【Webアプリ開発2026 #16】APIとは

API(Application Programming Interface)とは

ソフトウェアコンポーネント同士が互いに情報をやりとりするのに使用するインタフェースの仕様である。
引用:アプリケーションプログラミングインタフェース

APIとは、ソフトウェア同士が情報をやり取りするための「窓口」のこと。あるソフトウェアの機能を、他のソフトウェアから呼び出して使えるようにする仕組みを指す。

APIという言葉自体は非常に広い概念で、OSのAPI(ファイルの読み書きを行う機能)やグラフィックAPI(画面描画を行う機能)なども含む。ただし現場では、ほとんどの場合「Web API」のことを指して使われる。

APIエンドポイントとは

APIにアクセスするためのURIを指す。「このURLにリクエストを送れば、この機能が使える」という接続先のこと。

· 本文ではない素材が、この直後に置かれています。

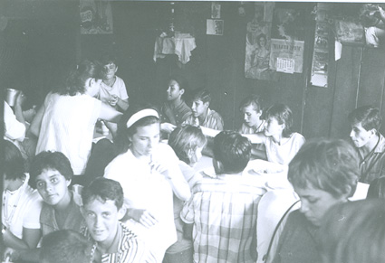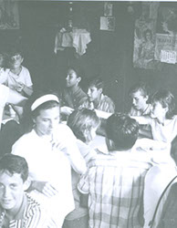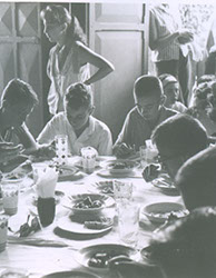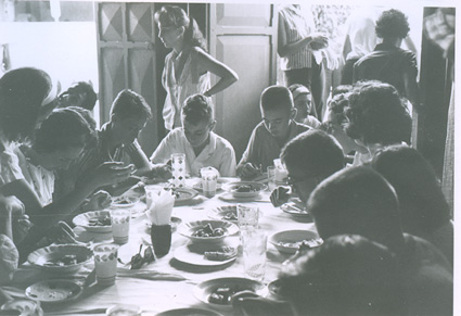 1961Vista de un grupo de chicos sentados en una mesa comiendo.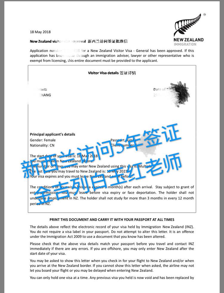 学生父母也是想去了南半球也要去下新西兰去玩,也办理了新西兰的旅游签证,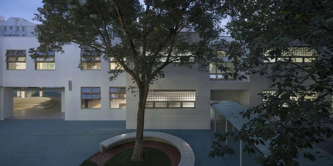 结合园内原有的高大树木,用弧形矮墙围合出尺度不同的树下活动区域。部分建筑渣土被用于填充坡地活动区的人工地形,周边的弧形矮墙正好成为挡土墙。2号楼底层架空空间,设置有下沉的小剧场,其看台外侧的弧形矮墙、西侧多功能室舞台背后的弧形展墙、小剧场屏幕背后户外手作区的弧形涂鸦墙,与各处树下活动区的弧形矮墙,形成了建筑、景观要素之间的关联。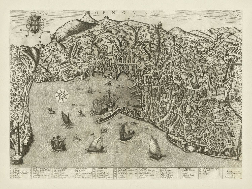 - Birds-eye view highlighting Genoa’s harbor and topographical features.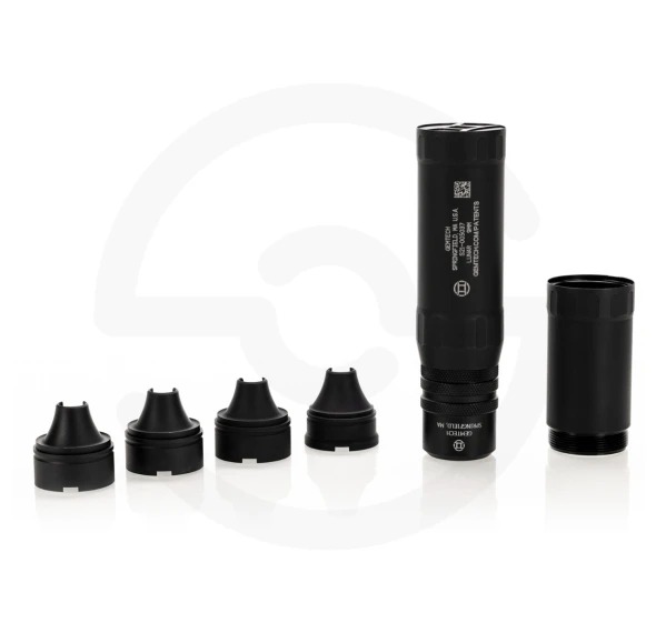 The Gemtech Lunar 9 suppressor features an innovative baffle design that allows it to be converted from a longer, 7″ suppressor to a shorter 4.7″ suppressor.

たとえば https://api.example.com/users がユーザー情報を取得するためのエンドポイントであれば、このURLにGETリクエストを送るとユーザー一覧が返ってくる。

ℹ️
URI / URL / URN の関係
  • URI(Uniform Resource Identifier): リソースを識別するための書き方の総称
  • URL(Uniform Resource Locator): URIの一部。リソースの場所とアクセス方法を指定する(普段使う「アドレス」のこと)
  • URN(Uniform Resource Name): 名前で永続的に識別する書き方(今回は覚えなくてよい)
エンドポイント

連携したいAPIにアクセスするための接続先を指す。

Web API

Web API とは

Webアプリケーションが他のアプリケーションと通信・連携するための標準的なインターフェースのこと。HTTP(Webの通信プロトコル)を使ってデータをやり取りする。

Web APIが存在することで、異なるプログラミング言語やプラットフォームで作られたアプリケーション同士が連携できる。PythonのバックエンドとReactのフロントエンド、iOSアプリとAndroidアプリが同じAPIを呼ぶことで、同じデータ・同じ機能を共有できる。

Web API の種類

REST(Representational State Transfer)API
  • 現在最も汎用的に使用されている形式
  • HTTPメソッド(GET, POST, PUT, PATCH, DELETE)で操作を表現する
  • URLがリソース(データ)の場所を表す
  • レスポンスはJSON形式が主流
  • リクエスト例
    curl -X GET https://api.example.com/users/123
  • レスポンス例
    {
      "id": 123,
      "name": "田中太郎",
      "email": "tanaka@example.com"
    }
GraphQL
  • クライアントが必要なデータだけをリクエストできることが特徴
  • 単一のエンドポイントに対してクエリ(問い合わせ)を投げる
  • データ取得(query)以外にデータ変更(mutation)やリアルタイム購読(subscription)もサポートしている
  • REST APIでは「エンドポイントごとに返すデータが決まっている」のに対し、GraphQLでは「クライアントが欲しいフィールドを指定できる」
  • リクエスト例
    curl -X POST https://api.example.com/graphql \
      -H "Content-Type: application/json" \
      -d '{"query": "{ user(id: 123) { name, email } }"}'
  • レスポンス例(nameとemailだけが返る)
    {
      "data": {
        "user": {
          "name": "田中太郎",
          "email": "tanaka@example.com"
        }
      }
    }

REST API と GraphQL の比較

観点 REST API GraphQL
エンドポイント リソースごとに複数(/users, /products 等) 1つ(/graphql)
取得するデータ エンドポイントが返すデータ全て クライアントが指定したフィールドのみ
学習コスト 低い(HTTPの知識があればわかる) やや高い(クエリ言語を覚える必要がある)
主な用途 一般的なWeb API 複雑なデータ構造を扱うフロントエンド

今回の講義ではREST APIを扱う。